A los 21 años llegó el nuevo reto: la Universidad. Y otra vez ganó. Diplomado en Magisterio, profesión con la que se ganaba la vida en el Ayuntamiento de Málaga. Después de años de premios, reconocimientos y lucha infatigable por alcanzar la normalidad, su siguiente logro fue la licenciatura en Psico-pedagogía. Luego llegarían los libros, las conferencias, y proyectos de todo tipo. En un mundo donde los jóvenes teóricamente normales están encadenados a la pereza o al éxito fácil, tratando de alcanzar las cotas mínimas del conocimiento y del esfuerzo, Pablo sigue dando ejemplo de coraje, de valor, de garra, de capacidad… y de ganas de exprimir lo mejor de la vida.

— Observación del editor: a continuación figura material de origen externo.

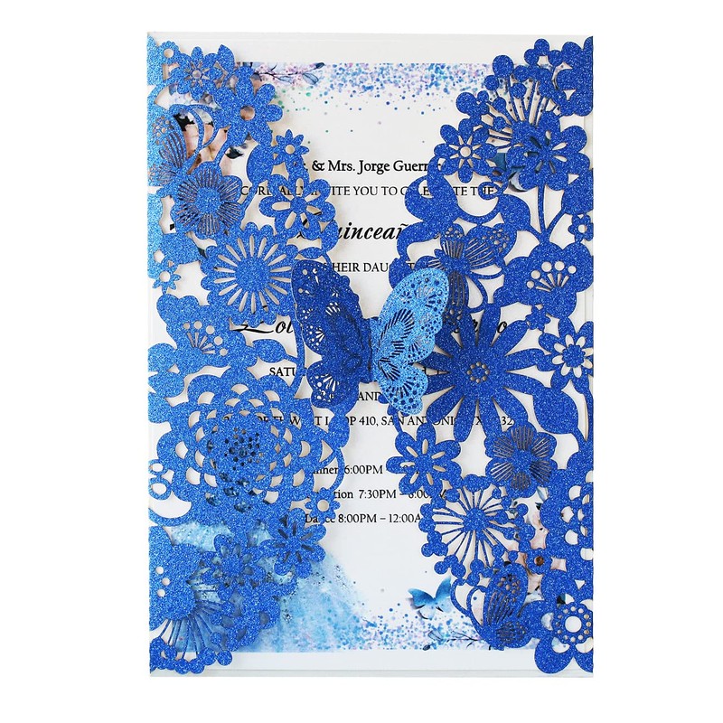 - Royal Blue Glitter Invitations: laser cut hollow lace floral invitations with butterfly inviations, and printable ivory inner sheet. Exquisite design with carved beautiful pattern, looks romantic and elegant.It helps to give your guests a good impression of your party.
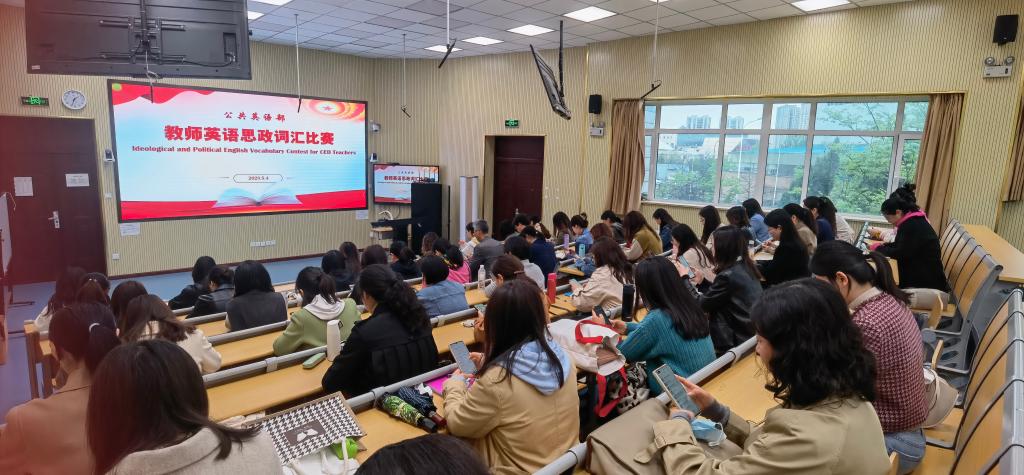 5月4日,公共英语部在1号教学楼智慧教室举行教师英语思政词汇比赛,青岛和泰安校区部门全体教师同步参赛。
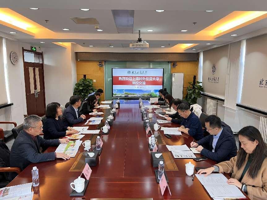 郭建华代表学校对上海对外经贸大学一行的到来表示热烈欢迎,并结合宣传片介绍了学校的历史沿革、目标定位,以及近年来学校在人才培养、学科建设、科学研究、社会服务等方面取得的成绩。他指出,学校已经确立了1个高水平研究型大学的办学定位;拥有阜成路校区及良乡主校区的2校区办学条件;坚持3个转变,即围绕服务国家和首都经济社会发展需求转型、持续做好从应用型向研究型转变、实施教育数字化转型发展战略;成立了经管学部、轻工与食品学部、数据科学与人工智能学部以及人文社科学部4个学部。希望两校相互支持、荣辱与共,推动实现共同进步。
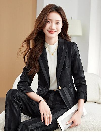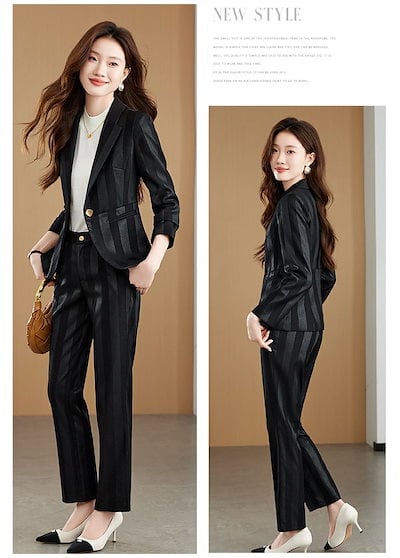 【激安販売】上質 高級感 ファッション レディーススーツ ブラック 長袖上着 ロングパンツ 2点セット S/M/L/XL/2XL/3XL/4XL 背広トップス ジャケット ズボン 通勤 職業服 紳士服
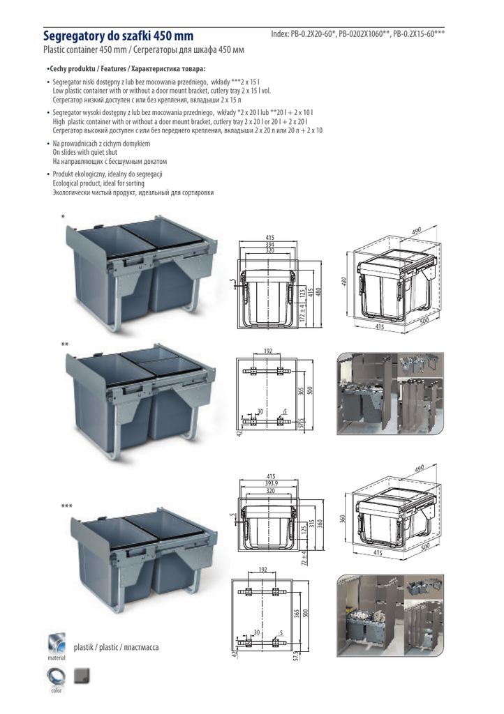 Segregatory do szafki 450 mm Index: PB-0.2X20-60*, PB-0202X1060**, PB-0.2X15-60*** Plastic container 450 mm / Сегрегаторы для шкафа 450 мм Cechy produktu / Features / Характеристика товара: Segregator niski dostępny z lub bez mocowania przedniego, wkłady ***2 x 15 l Low plastic container with or without a door mount bracket, cutlery tray 2 x 15 l vol. Сегрегатор низкий доступен с или без крепления, вкладыши 2 x 15 л Segregator wysoki dostępny z lub bez mocowania przedniego, wkłady *2 x 20 l lub **20 l + 2 x 10 l High plastic container with or without a door mount bracket, cutlery tray 2 x 20 l or 20 l + 2 x 20 l Сегрегатор высокий доступен с или без переднего крепления, вкладыши 2 x 20 л или 20 л + 2 x 10 Na prowadnicach z cichym domykiem On slides with quiet shut На направляющих с бесшумным докатом Produkt ekologiczny, idealny do segregacji Ecological product, ideal for sorting Экологически чистый продукт, идеальный для сортировки * 490 172 ± 4 125 415 480 5 480 415 394 320 415 ** 500 365 500 192 30 42 57.5 5 490 72 ± 4 125 315 360 5 *** 365 500 192 color 5 57.5 material 42 30 plastik / plastic / пластмасса 360 415 393.9 320 415 500
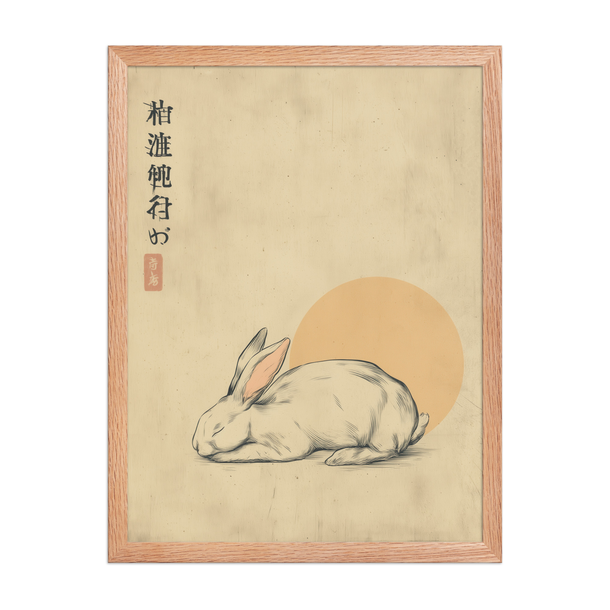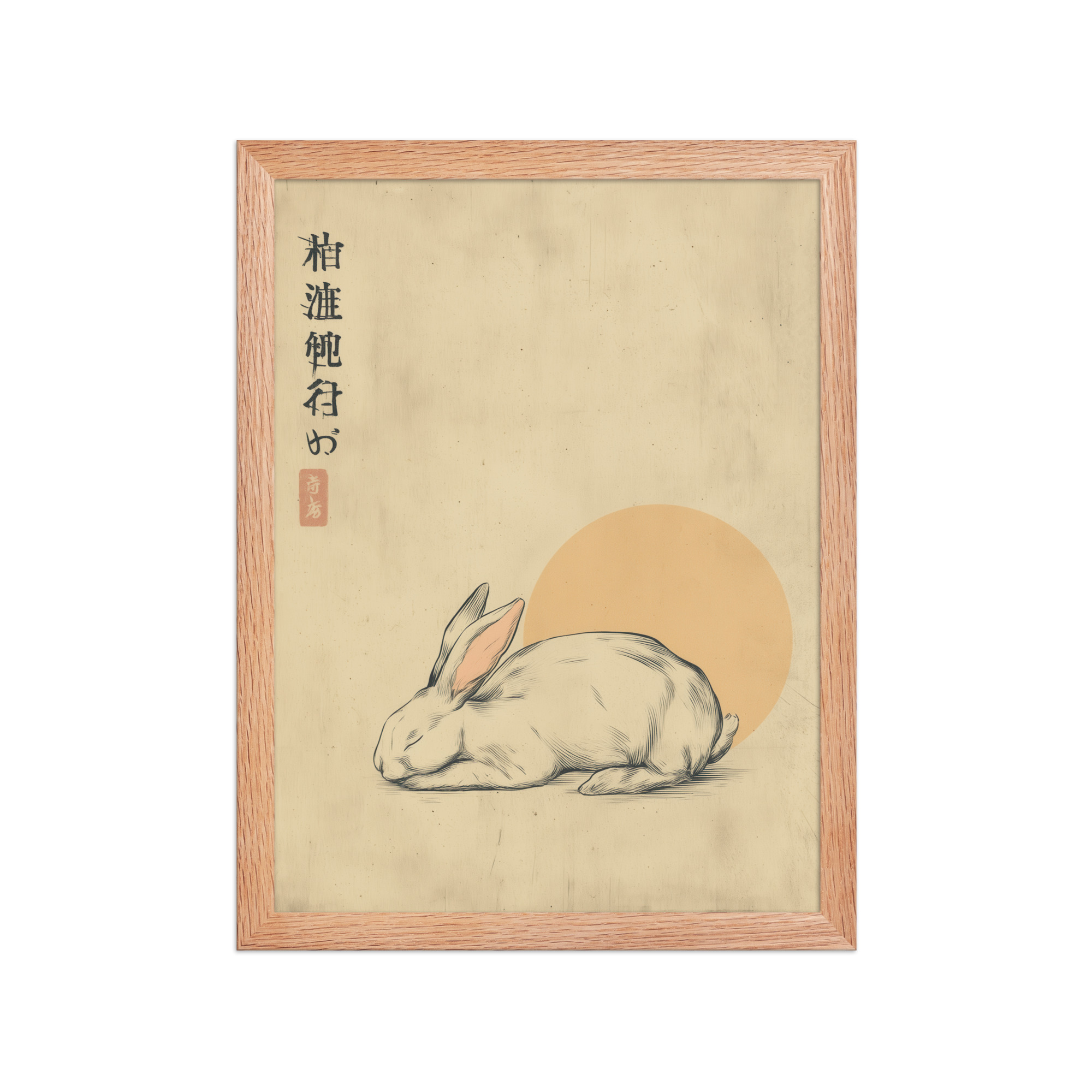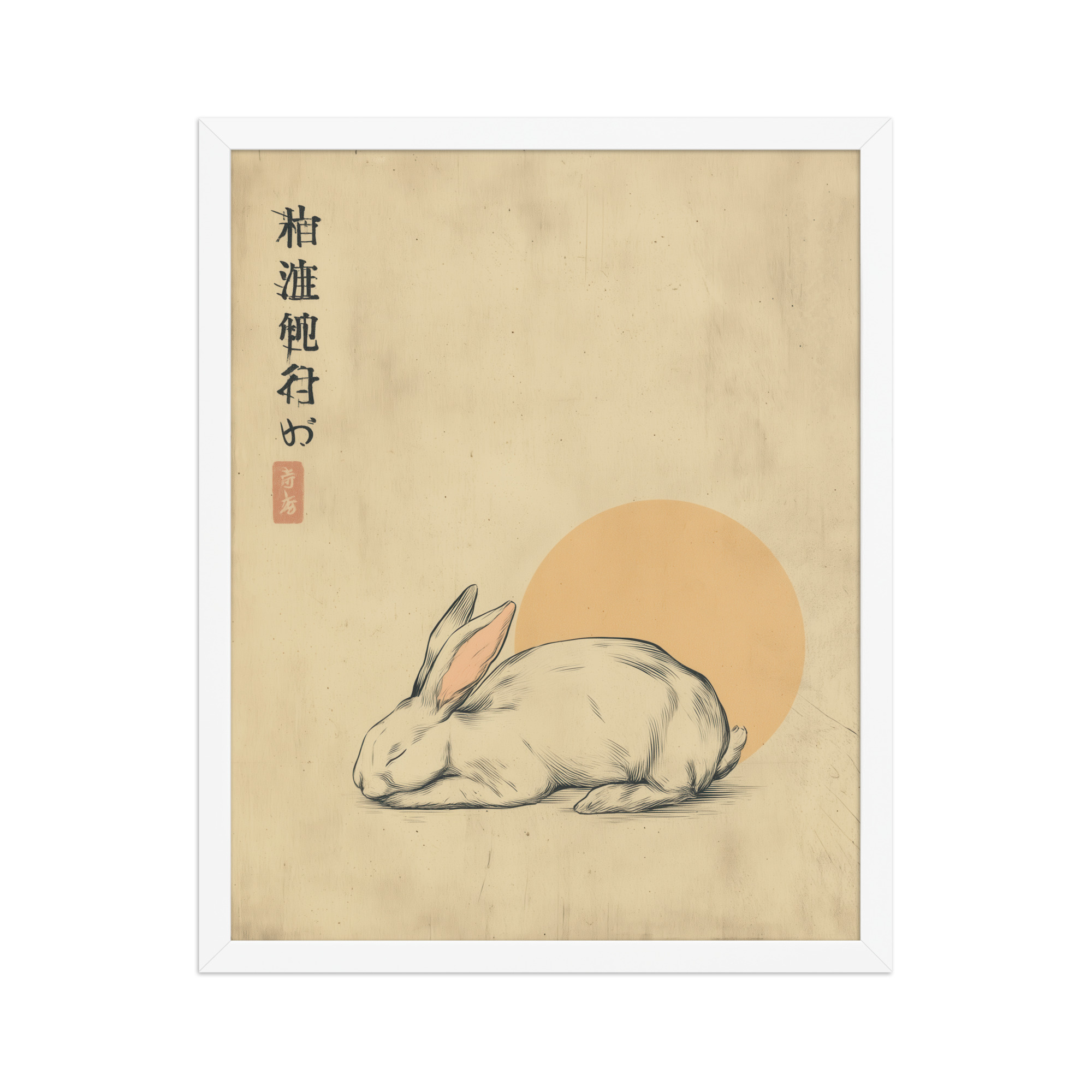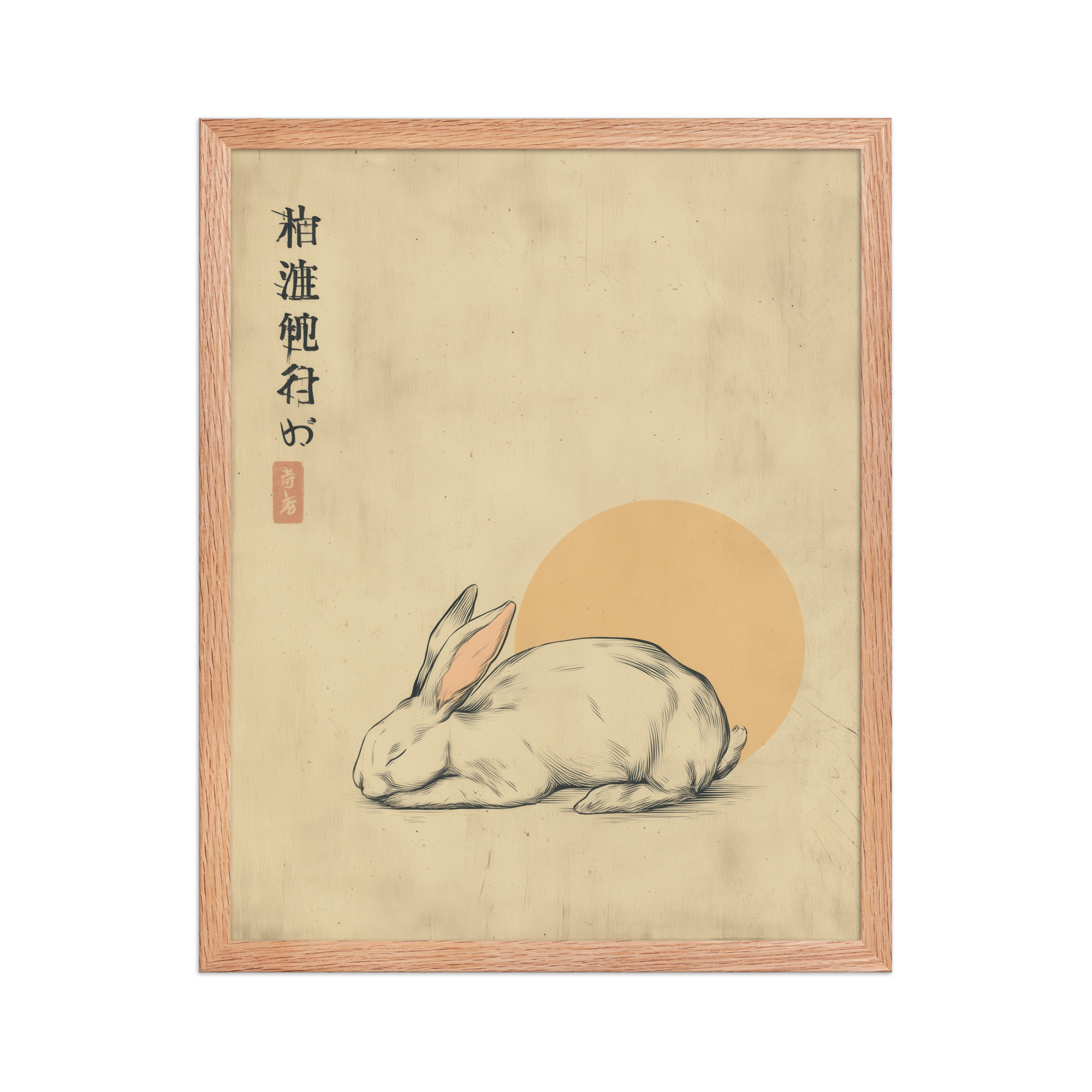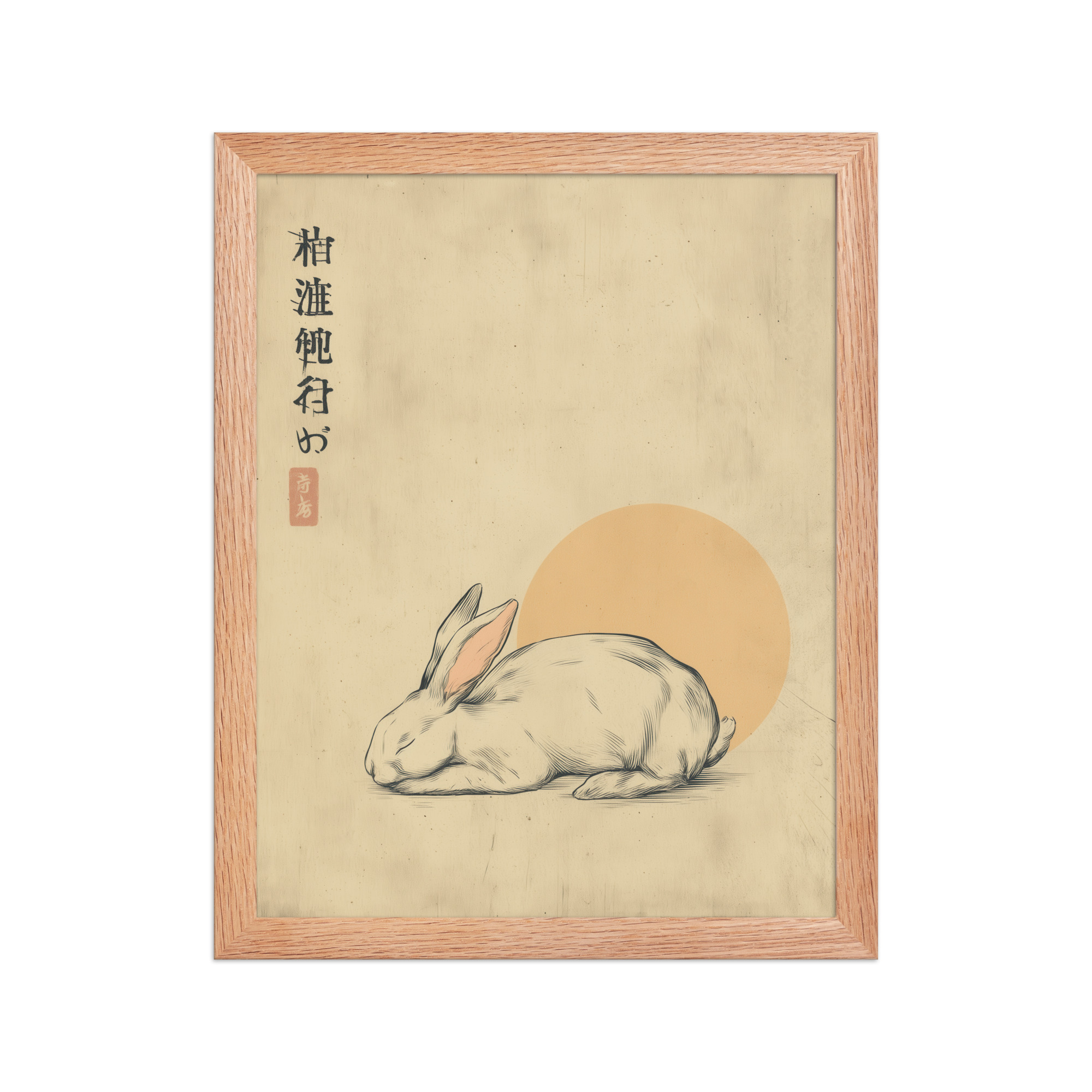 A serene line-drawn rabbit rests before a soft rising sun on warm parchment tones, printed on museum-quality enhanced matte paper. Framed and ready to hang with your preferred frame (Black, White, or Red Oak).

Hoy, a pesar de la fama por su premio cinematográfico (que aún colea, a pesar de los años) y su continua presencia en programas de televisión, o de su ejemplar doble licenciatura, Pablo Pineda demuestra que sigue siendo un tipo fuera de lo normal, pero tirando por arriba. Ya lo dijo entonces, cuando la Concha de Oro: «Nunca me voy a arrepentir, pero prefiero trabajar, tengo 35 años y ya toca. Todo esto del 'faranduleo' está muy bien pero hay que poner los pies en el suelo». Pablo opositó para trabajar en el Ayuntamiento de Málaga; y lo logró, durante un tiempo. Luego tuvo que buscarse la vida. Está muy bien eso de ser el primer síndrome de Down licenciado en la universidad; todo el mundo te admira… pero luego no te dan trabajo. Esa ha sido estos últimos años su reivindicación. Y lo cierto es que su lucha, su presencia, su ejemplo han logrado mucho, muchísimo, en favor de la integración y la concienciación, en esta sociedad nuestra de prejuicios y etiquetas. Lo de “capacitado” y “discapacitado”, por ejemplo.

Pero nunca es suficiente. Por eso, Pablo seguirá rebelándose #Contralasetiquetas, y luchando por cumplir sus ilusiones y por que todas las personas con síndrome de Down –u otras presuntas discapacidades- tengan también las suyas, y puedan también cumplirlas. «El hombre tiene ilusiones como el pájaro alas. Eso es lo que lo sostiene». Pascal tenía razón. Las alas de Pablo nunca han dejado de volar. Ni su corazón de soñar. Ni sus ojos de reír.